> **TASK DIRECTIONS**
Give back only the line containing "靖剑涛同学宣读《内蒙古师范大学第二十八次学生代表大会代表选举办法》。" and every line after it through the end of the data below, transcribed exactly.

Collection entries:

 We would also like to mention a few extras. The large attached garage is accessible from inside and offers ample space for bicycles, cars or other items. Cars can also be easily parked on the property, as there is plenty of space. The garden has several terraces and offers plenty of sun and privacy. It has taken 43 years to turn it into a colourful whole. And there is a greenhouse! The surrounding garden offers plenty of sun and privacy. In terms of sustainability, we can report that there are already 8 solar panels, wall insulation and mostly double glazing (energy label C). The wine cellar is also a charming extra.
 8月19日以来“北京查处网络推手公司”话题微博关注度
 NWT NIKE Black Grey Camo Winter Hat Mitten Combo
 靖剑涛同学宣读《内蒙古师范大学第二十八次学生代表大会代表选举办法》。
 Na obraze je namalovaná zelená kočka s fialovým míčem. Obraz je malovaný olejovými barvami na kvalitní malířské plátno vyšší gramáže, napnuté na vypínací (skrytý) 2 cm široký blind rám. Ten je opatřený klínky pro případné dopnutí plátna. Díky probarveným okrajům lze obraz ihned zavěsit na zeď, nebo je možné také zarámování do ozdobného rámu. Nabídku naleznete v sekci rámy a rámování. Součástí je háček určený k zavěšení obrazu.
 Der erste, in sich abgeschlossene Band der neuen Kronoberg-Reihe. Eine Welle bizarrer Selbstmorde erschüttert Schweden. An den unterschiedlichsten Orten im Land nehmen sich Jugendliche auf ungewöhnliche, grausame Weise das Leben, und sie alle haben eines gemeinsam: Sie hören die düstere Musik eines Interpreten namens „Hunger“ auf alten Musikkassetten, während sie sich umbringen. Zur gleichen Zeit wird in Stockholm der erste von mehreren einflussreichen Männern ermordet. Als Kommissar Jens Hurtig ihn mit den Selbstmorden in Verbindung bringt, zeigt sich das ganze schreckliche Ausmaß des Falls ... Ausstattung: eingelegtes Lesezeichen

> **RESULT OF THIS EXERCISE**
 靖剑涛同学宣读《内蒙古师范大学第二十八次学生代表大会代表选举办法》。
 Na obraze je namalovaná zelená kočka s fialovým míčem. Obraz je malovaný olejovými barvami na kvalitní malířské plátno vyšší gramáže, napnuté na vypínací (skrytý) 2 cm široký blind rám. Ten je opatřený klínky pro případné dopnutí plátna. Díky probarveným okrajům lze obraz ihned zavěsit na zeď, nebo je možné také zarámování do ozdobného rámu. Nabídku naleznete v sekci rámy a rámování. Součástí je háček určený k zavěšení obrazu.
 Der erste, in sich abgeschlossene Band der neuen Kronoberg-Reihe. Eine Welle bizarrer Selbstmorde erschüttert Schweden. An den unterschiedlichsten Orten im Land nehmen sich Jugendliche auf ungewöhnliche, grausame Weise das Leben, und sie alle haben eines gemeinsam: Sie hören die düstere Musik eines Interpreten namens „Hunger“ auf alten Musikkassetten, während sie sich umbringen. Zur gleichen Zeit wird in Stockholm der erste von mehreren einflussreichen Männern ermordet. Als Kommissar Jens Hurtig ihn mit den Selbstmorden in Verbindung bringt, zeigt sich das ganze schreckliche Ausmaß des Falls ... Ausstattung: eingelegtes Lesezeichen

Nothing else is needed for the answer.